1. Ceasefire and Energy Price Risk

The announced truce between the U.S. and Iran is expected to restore tanker flows through the Strait of Hormuz, averting an energy price shock that could have triggered prolonged weak industrial metals demand. UBS sees this de-escalation as removing the biggest sector risk, paving the way for improved fundamentals across base metals.

2. Copper Equities Opportunity

Copper equities have declined around 20% since the conflict began, creating what UBS describes as an attractive risk/reward setup if energy normalization persists.

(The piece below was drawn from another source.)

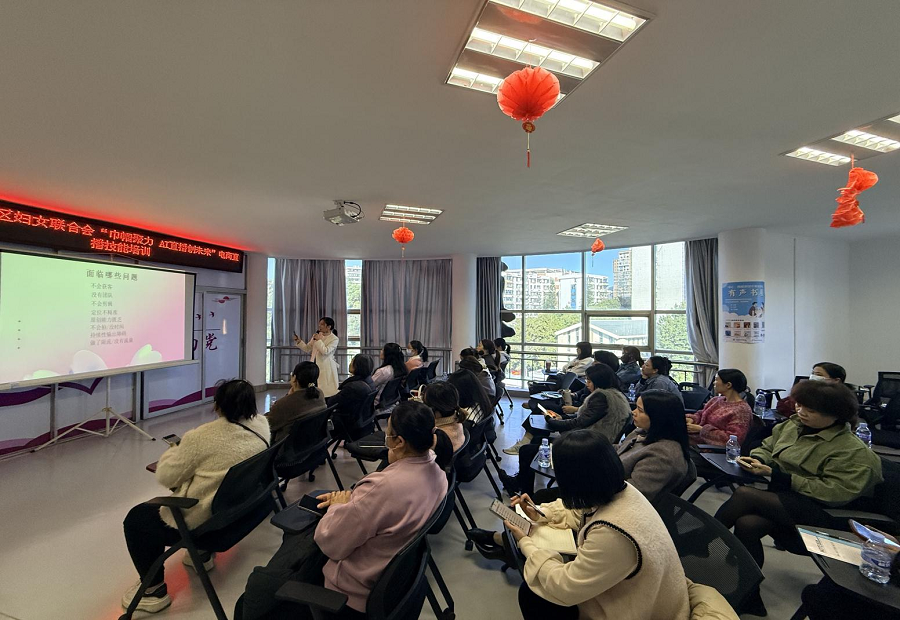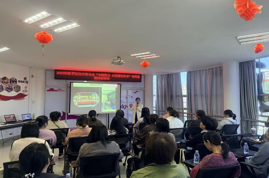 數(shù)字經(jīng)濟(jì)蓬勃發(fā)展,AI技術(shù)與電商直播深度融合,催生創(chuàng)業(yè)就業(yè)新賽道。女性憑借細(xì)膩、耐心、善溝通的天然優(yōu)勢(shì),在直播電商領(lǐng)域潛力凸顯,成為“她經(jīng)濟(jì)”發(fā)展核心力量。為助力新羅區(qū)女性把握數(shù)字時(shí)代機(jī)遇,破解傳統(tǒng)創(chuàng)業(yè)瓶頸、拓寬增收渠道,新羅區(qū)婦女聯(lián)合會(huì)于2025年11月21日成功舉辦“巾幗聚力 AI 直播創(chuàng)未來(lái)”電商直播技能培訓(xùn)。活動(dòng)旨在讓更多女性借直播電商實(shí)現(xiàn)自我價(jià)值,以巾幗之力激活消費(fèi)新動(dòng)能,在數(shù)字經(jīng)濟(jì)浪潮中書寫創(chuàng)業(yè)增收新篇章。 本次培訓(xùn)聚焦有AI電商直播創(chuàng)業(yè)意愿的城鄉(xiāng)女性,以及待業(yè)、下崗女性及全職媽媽等群體的發(fā)展需求,打造了一套涵蓋AI電商直播核心領(lǐng)域的課程體系。邀請(qǐng)AI電商直播行業(yè)資深講師手把手教學(xué),每一個(gè)知識(shí)點(diǎn)均緊貼行業(yè)前沿與市場(chǎng)需求,通過(guò)理論與實(shí)踐深度融合,讓每一項(xiàng)技能都力求實(shí)用落地、學(xué)以致用。
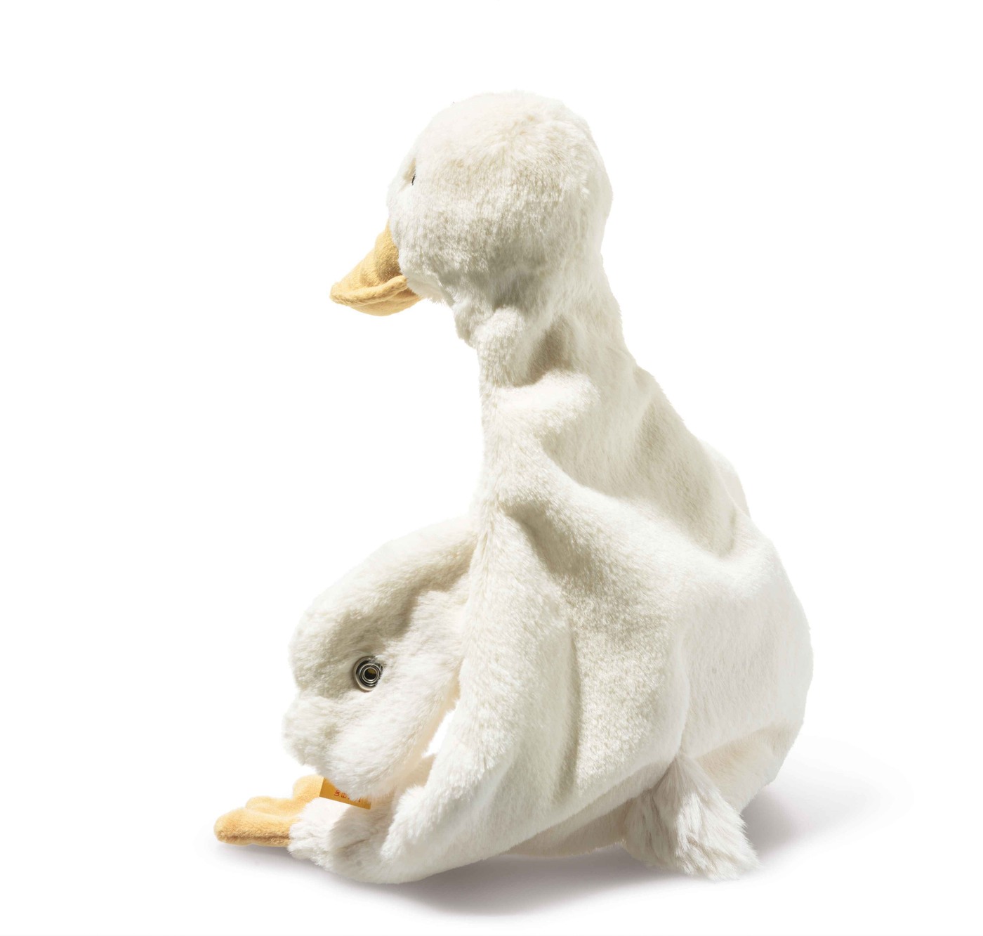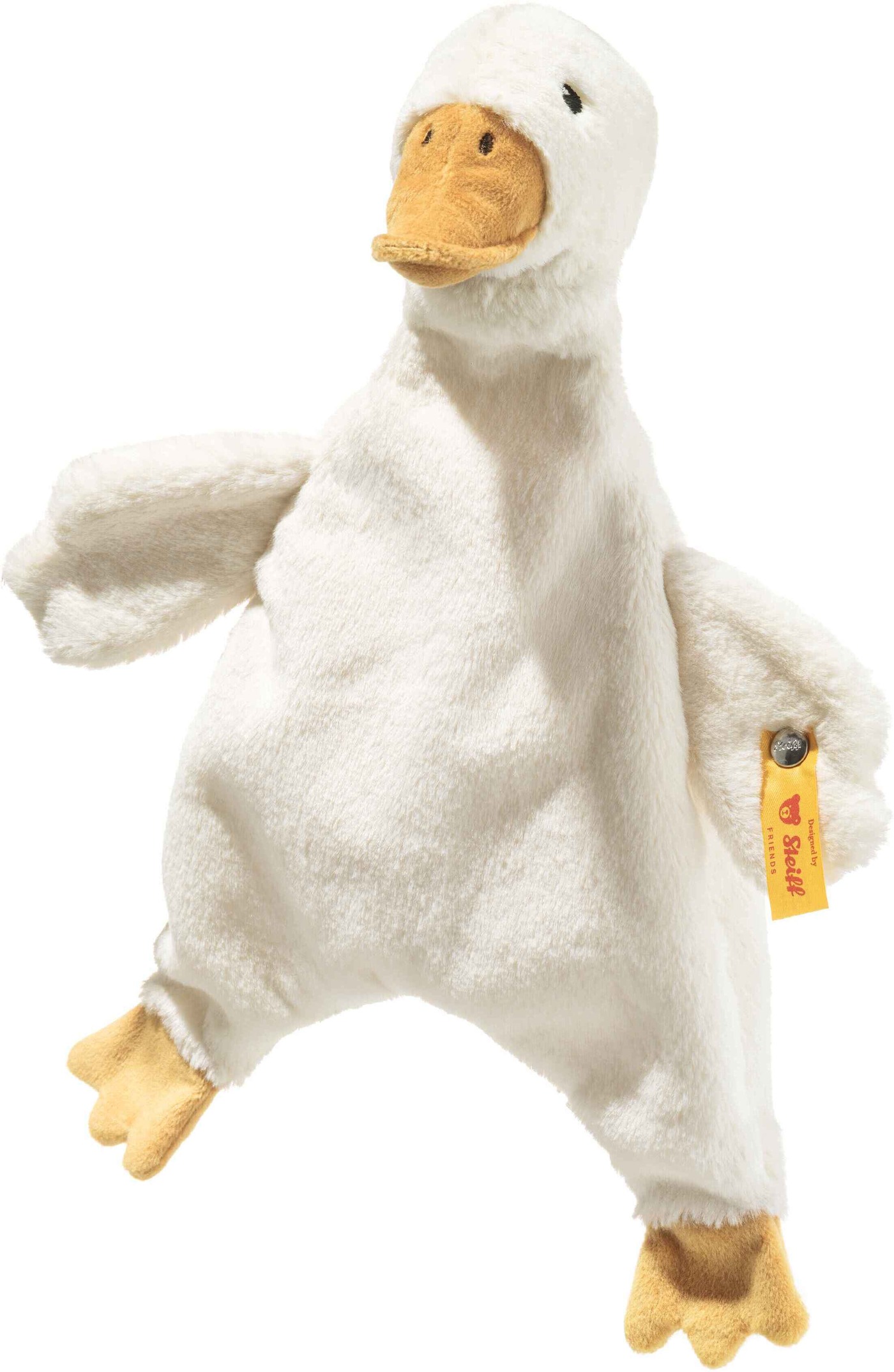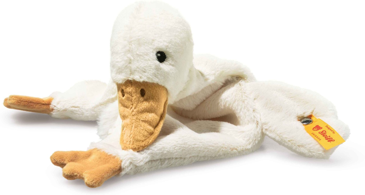 Der gelbe Schnabel und die kleinen Füßchen setzen freundliche Akzente und wecken spielerisch die Neugier.

Analysts highlight a 100,000-tonne annual production downgrade at Ivanhoe’s Kamoa-Kakula mine for 2026-27, and prefer First Quantum, Freeport-McMoRan, Anglo American and Teck as top picks.

3. Gold Equities Assessment

Gold equities mirror copper’s 20% pullback, yet remain supported by spot prices near $4,000 per ounce against all-in sustaining costs below $2,000. UBS identifies Newmont, Endeavour, SSR Mining and Skeena among producers and Wheaton Precious Metals and Franco-Nevada among streamers as best positioned, while cautioning that the recent earnings upgrade cycle may reverse.

4. Aluminium Market Dynamics

Aluminium LME prices have risen roughly 10% since hostilities began, outperforming copper by about 15 percentage points, driven by damage to Middle East smelter capacity. Even if shipping routes normalize, ongoing supply disruptions at EGA and Alba facilities are expected to keep aluminium prices supported through the year.